Tokyo Electric Power Co. engineers are trying to stabilize the three reactors, which were damaged by the biggest earthquake in Japan’s history on March 11. The plant was struck by a second explosion earlier today and water levels dropped at the No. 2 reactor, exposing fuel rods on two occasions. The utility said it can’t rule out the possibility that the fuel rods are melting, heightening the chance of a meltdown.

“We believe that the measures the Japanese authorities have taken to protect the population are sufficient,” Agnes Buzyn, head of France’s Institut de Radioprotection et de Surete Nucleaire, another nuclear regulatory body, said today at the same press conference.
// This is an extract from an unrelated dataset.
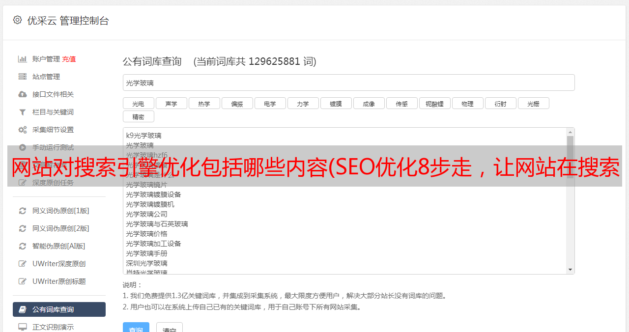 优采云 发布时间: 2022-04-20 13:48网站对搜索引擎优化包括哪些内容(SEO优化8步走,让网站在搜索引擎的排名提高
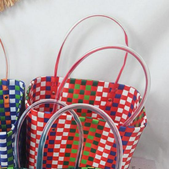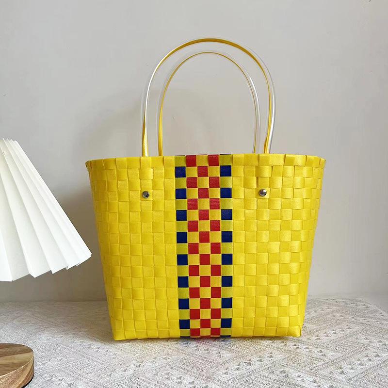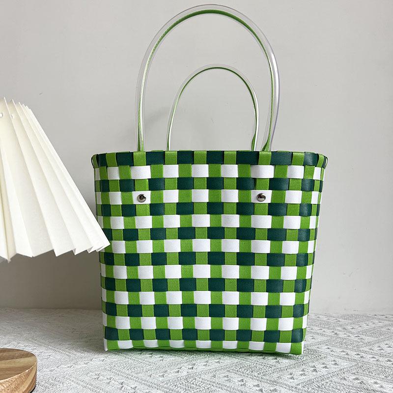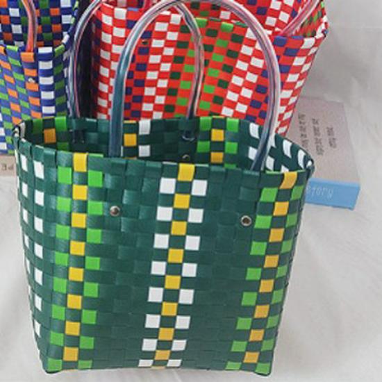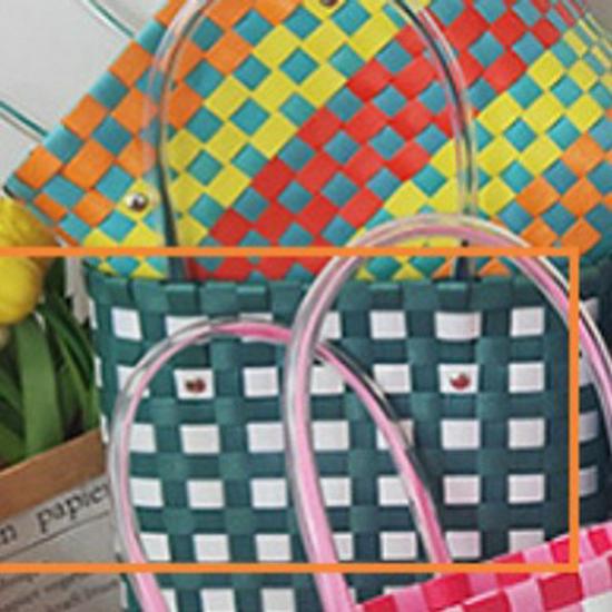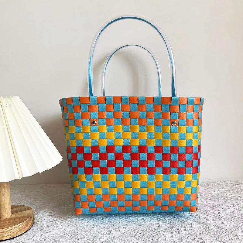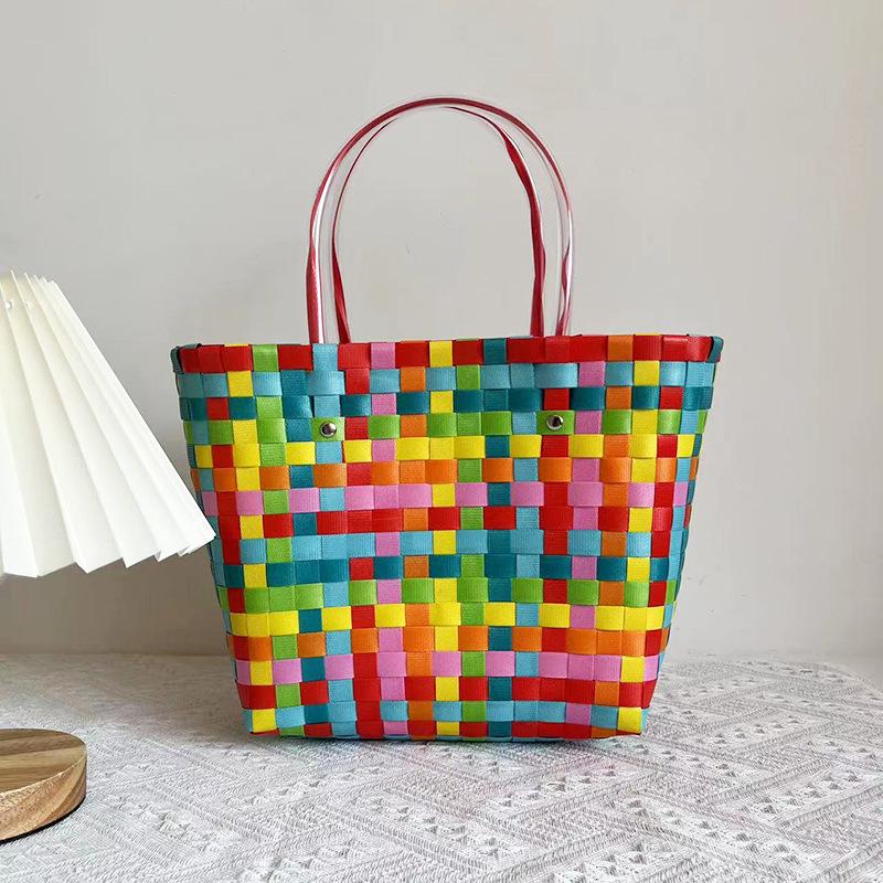 Детская радужная клетчатая плетеная сумка - Летняя сумка своими руками для овощей и фруктов

“Significant radioactivity was released and certainly more than at Three Mile Island,” she said, declining to provide figures. The Three Mile Island nuclear accident, in 1979, was the worst in U.S. history.

The French officials said they are basing their assessment on information provided by Japanese nuclear authorities.

Beginning of a Crisis

The cooling system failed at the Dai-Ichi No. 2 reactor while a hydrogen explosion occurred at the No. 3 reactor today, following a similar blast on March 12 at the No. 1 reactor that destroyed the walls of its building. The utility has been flooding the reactors with water and boric acid to reduce the risk of a large release of radioactivity.

“We are without a doubt at the beginning of the crisis,” Lacoste said, adding that while he could not estimate how long it will take to gain control over the nuclear reactors in Japan, it may take “weeks.”

“This isn’t a nuclear catastrophe; it’s a very serious accident,” he said. France’s existing 58 reactors operated by Electricite de France SA aren’t the same type of reactor as the ones in Japan so the ASN isn’t providing technical advice to Japanese authorities.

The Fukushima accident could resemble Three Mile Island where there was a partial meltdown of a reactor core with “moderate” radioactivity released into the atmosphere if Japanese authorities are able to cool the cores, Lacoste said.

The use of sea water, which is being used to cool the reactors, is “typically an emergency measure” and is “horrible,” Lacoste said, adding that this has never been the subject of experimentation because nuclear reactors normally require water that is as clean as possible so as not to clog up pipes and cooling circuits.

“It’s a situation that is requiring emergency measures to cool the reactors,” he said. “If there is a complete meltdown of a core we will have a much more serious accident on our hands.”